I have a Rohloff mounted on a full suspension bike (Turner 5spot HL). Today I use the regular Rohloff chain tensioner. The chain on the rear cog has a nasty habit of derailling. Therefore, I am considering the DH version instead. Rohloff claims:

_The Rohloff DH chain tensioner is specially designed for downhill use. In contrast to the regular Rohloff chain tensioner, it has a shorter swing arm that is restricted from moving. This feature ensures that the upper jockey wheel runs very close to the sprocket. This forced guide guarantees a positive run of the chain onto the sprocket even under extreme riding conditions._

which sounds good. Does anyone have experience with both chain tensioners, and know if there is an improvement in the DH version?

Are there any disadvantages with the DH version? It is lighter, and has the same chain tension capacity. I know that " To remove the wheel, the chain tensioner mounting bolt must be loosened" but with the regular version I have to remove it completely, so this would actually be an improvement.


----------



## dmorgs4 (Mar 3, 2008)

arne_and said:


> I have a Rohloff mounted on a full suspension bike (Turner 5spot HL). Today I use the regular Rohloff chain tensioner. The chain on the rear cog has a nasty habit of derailling. Therefore, I am considering the DH version instead. Rohloff claims:
> 
> [Are there any disadvantages with the DH version? It is lighter, and has the same chain tension capacity. I know that " To remove the wheel, the chain tensioner mounting bolt must be loosened" but with the regular version I have to remove it completely, so this would actually be an improvement.


The DH tensioner is the way to go, the spring is considerable stronger and the whole cage seems much stiffer. You do need to loosen the mounting bolt to remove the rear wheel, but it's not much of a drama. 
I had similar problems with derailing chains, but the DH tensioner fixed the issue and I made sure when mounting it that I gave the sprocket as much chain wrap as possible.


----------



## arne_and (Dec 5, 2006)

Thanks for the input. The DH tensioner is on its way from Germany, hopefully it will work for me as well. I ordered the DH Chain Guide as well, it's only 40g.


----------



## swift (Apr 3, 2007)

arne_and said:


> Thanks for the input. The DH tensioner is on its way from Germany, hopefully it will work for me as well.

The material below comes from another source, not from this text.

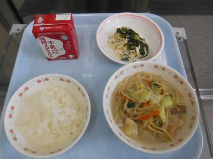 減量ごはん 牛乳 チャンポン 切干大根のいためナムル

I ordered the DH Chain Guide as well, it's only 40g.


I think the chain guide will be a nice improvement for you. :thumbsup: 
I run the XC tensioner and used to drop chains once in a while before adding the chainguide. Since adding it, dropping the chain is *almost* a non-issue for me anymore.

(*every once in a great while, the chain will still jump the cog to the outside and stick itself between the cog and dropout but it's very seldom and easy to fix.)


----------